Chinese documentation is available in README_zh.md. A longer guide is available in README_detailed.md. Architecture docs are available in English architecture.md and Chinese architecture_zh.md.
This project implements a runnable Python prototype for target-centric biomedical competitive intelligence. It collects data from public sources, normalizes the records, caches query results, and generates structured Markdown/HTML reports.
- Pluggable data source architecture.
- ClinicalTrials.gov v2 API collector.
- PubMed E-utilities collector.
- Offline demo fixtures for deterministic grading and local testing without public API or LLM calls.
- SQLite cache with TTL and report version history.
- Markdown and HTML report output, with Chinese as the default report language.
- HTML reports convert common Markdown formatting from LLM-generated text into real HTML.
- Optional LLM analysis layer for target overview, pipeline summary, research dynamics, and competitive assessment.
- Inline SVG charts for trial phase distribution and publication trend.
- Basic logging and resilient network/API error handling.
- Unit tests for source orchestration, report generation, LLM fallback behavior, and Markdown-to-HTML rendering.
Create a fresh virtual environment from the project root. The commands below install the app and its runtime dependencies, including the OpenAI Python SDK used for optional LLM analysis.
python -m venv .venv
.\.venv\Scripts\Activate.ps1
python -m pip install --upgrade pip
python -m pip install -e .If PowerShell blocks activation scripts, use the venv interpreter directly:
.\.venv\Scripts\python.exe -m pip install --upgrade pip
.\.venv\Scripts\python.exe -m pip install -e .Generate a deterministic offline demo report. Offline mode uses the built-in demo records only; it does not call public APIs or the LLM, even when an LLM API key is configured.

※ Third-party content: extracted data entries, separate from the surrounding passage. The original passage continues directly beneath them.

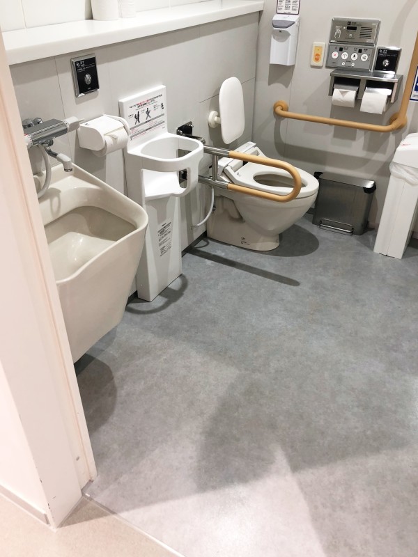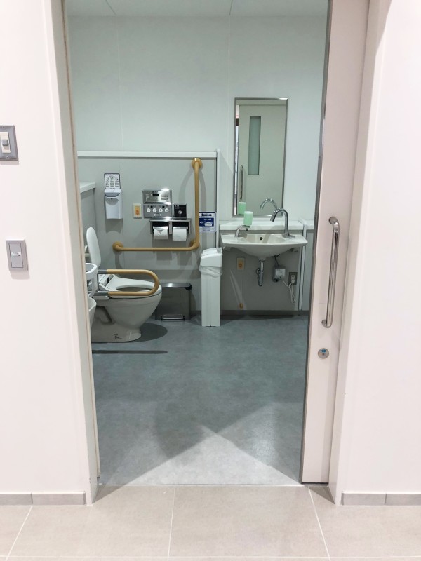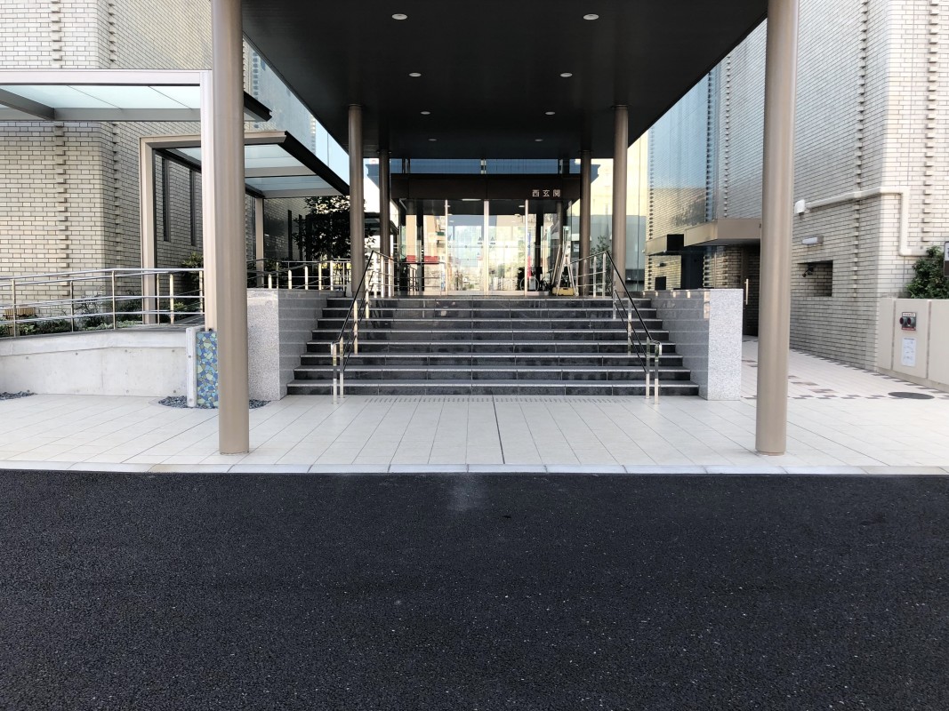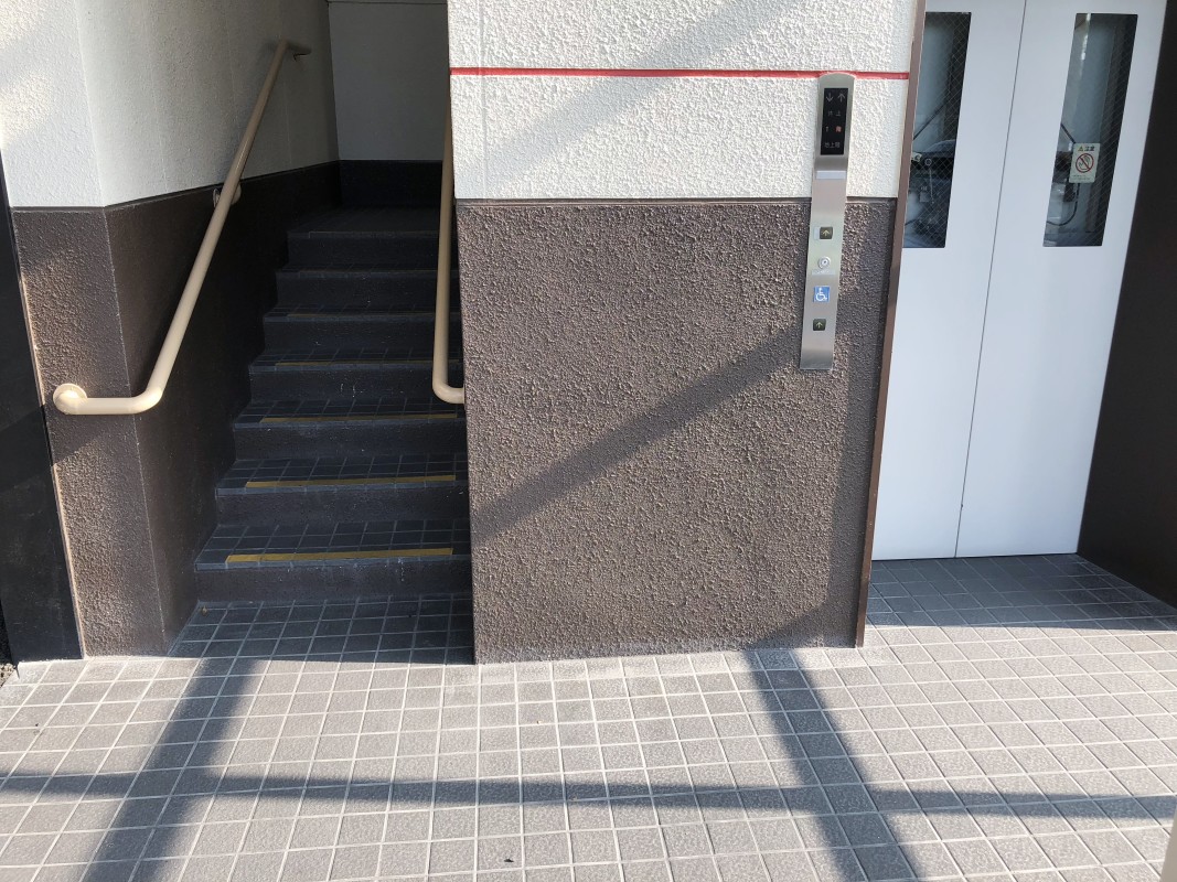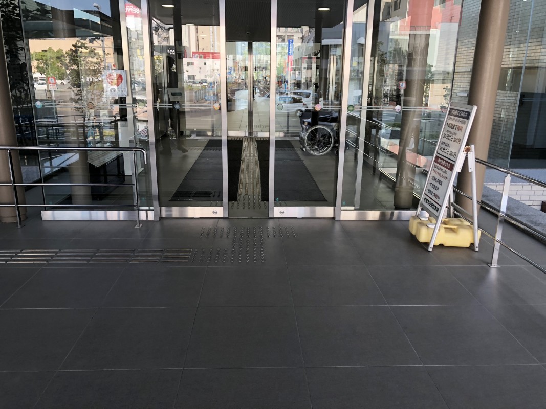 出入口はすべて自動ドア。出入口手前に階段とスロープあり。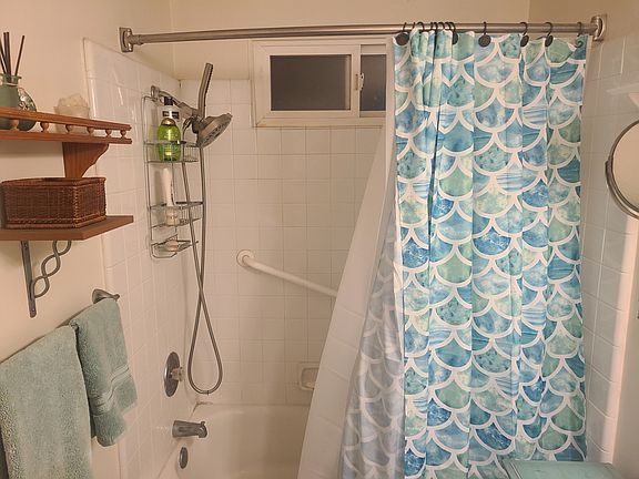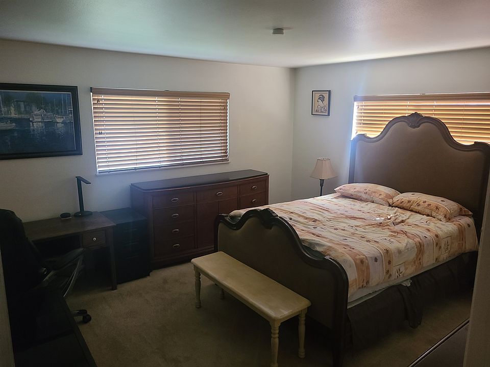 Large furnished room with bed, dresser, and work desk, includes full private bathroom down hallway. All utilities included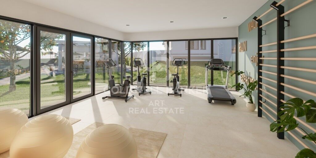 The development has excellent garden areas, a communal pool, a gym and a social-gourmet room. The ground floor apartments have a garden and the penthouses have large terraces.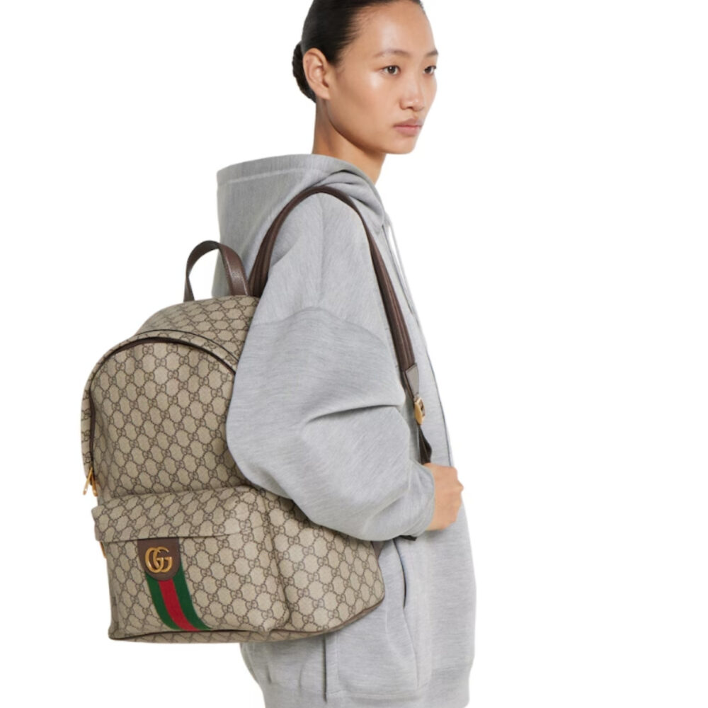 The Ophidia collection evokes the House’s heritage with the signature Web stripe and Double G emblem in light gold-toned finish. The styles are crafted from soft GG Monogram coated fabric.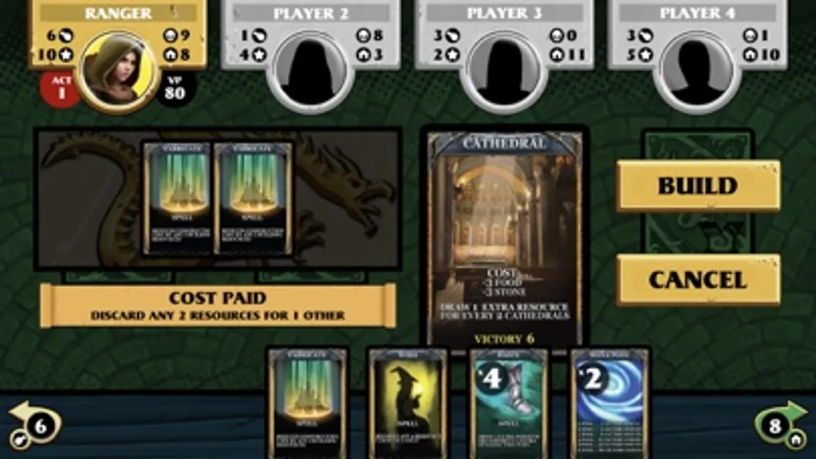 Legends of Draxia is a victory point, resource management, indirect competition fantasy game with a 35-45 minute play time. Players can adjust the difficulty by selecting Easy or Normal mode. There are multiple paths to victory. Whether you’d like to carve a path to glory by slaying monsters, gather resources to build cathedrals, or focus on casting powerful spells, there’s a character optimized for that. With so many characters and so many paths, a winning strategy in one match does not guarantee a victory in future playthroughs. Perfectly replayable!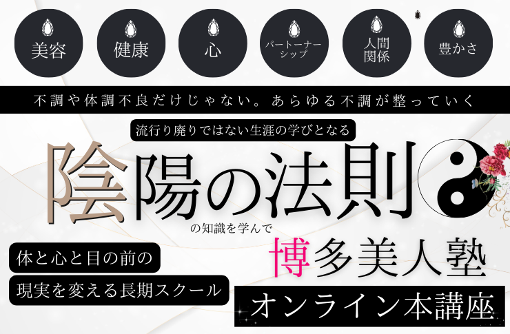 A.博多美人塾で目指す所は”自分で体と心の声を聞けるようになる””その対処法や整え方も自分で理解出来るようになる”という所です。でも、当然最初は「これは陰?これは陽?こういう時はどうする?今の私はどうしたらいいのだろう?」とわからなくなる事や迷う事があると思います。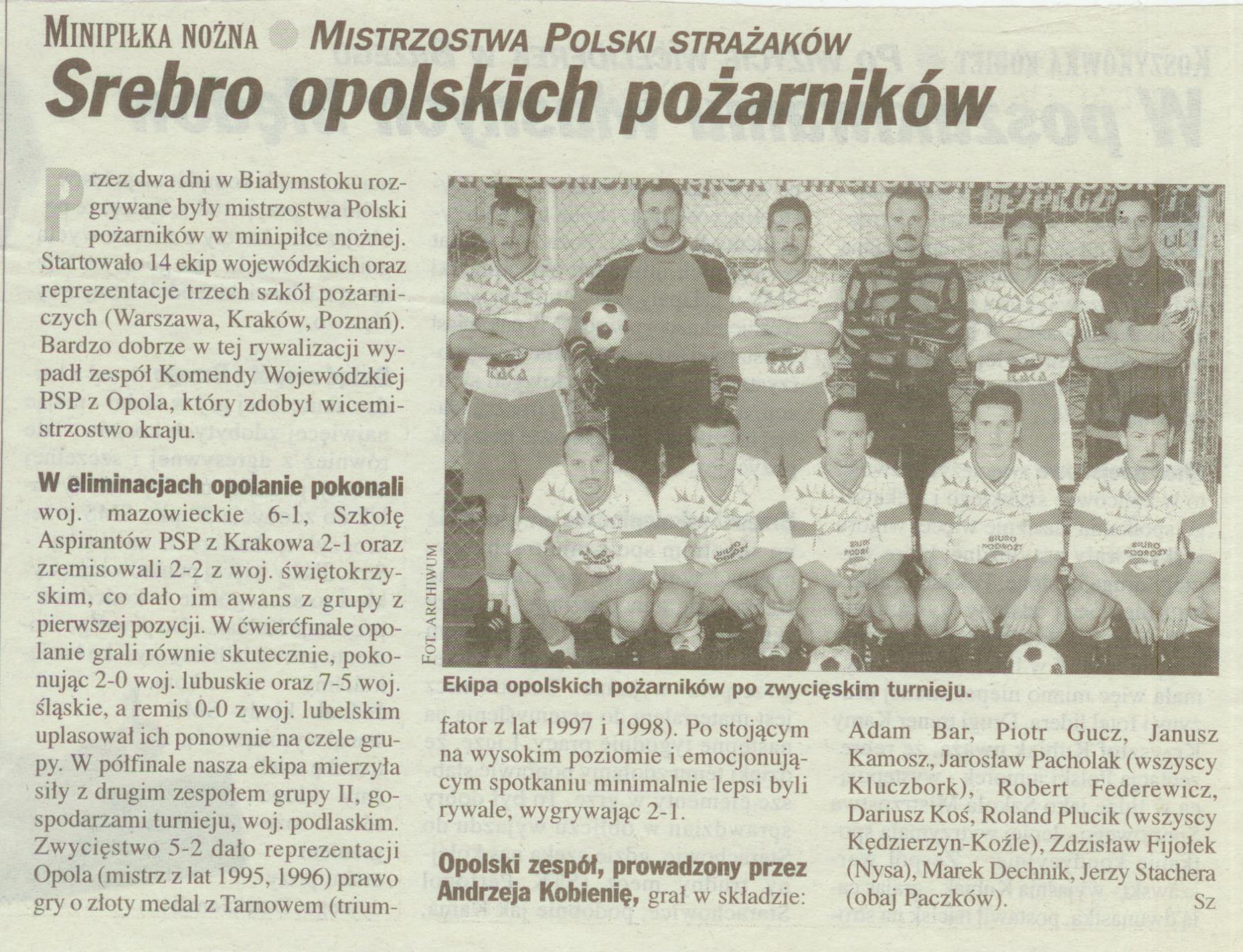 1998 – Turniej finałowy o Puchar Opolskiego Komendanta Wojewódzkiego Państwowej Straży Pożarnej w Opolu

python -m research_intel --target HER2 --offline --format bothGenerated files are written to reports/. Reports are generated in Chinese by default. Offline HER2 sample reports are included at reports/sample_HER2_offline.md and reports/sample_HER2_offline.html; live/online HER2 sample reports are included at reports/sample_HER2.md and reports/sample_HER2.html.
To generate the report in English, pass --language english:
python -m research_intel --target HER2 --offline --format both --language englishTo run against live public APIs:
python -m research_intel --target "PD-L1" --format bothThe same language option works with live API runs:
python -m research_intel --target "PD-L1" --format both --language englishOptional PubMed email/tool identification can be configured with environment variables:
$env:PUBMED_EMAIL="your.email@example.com"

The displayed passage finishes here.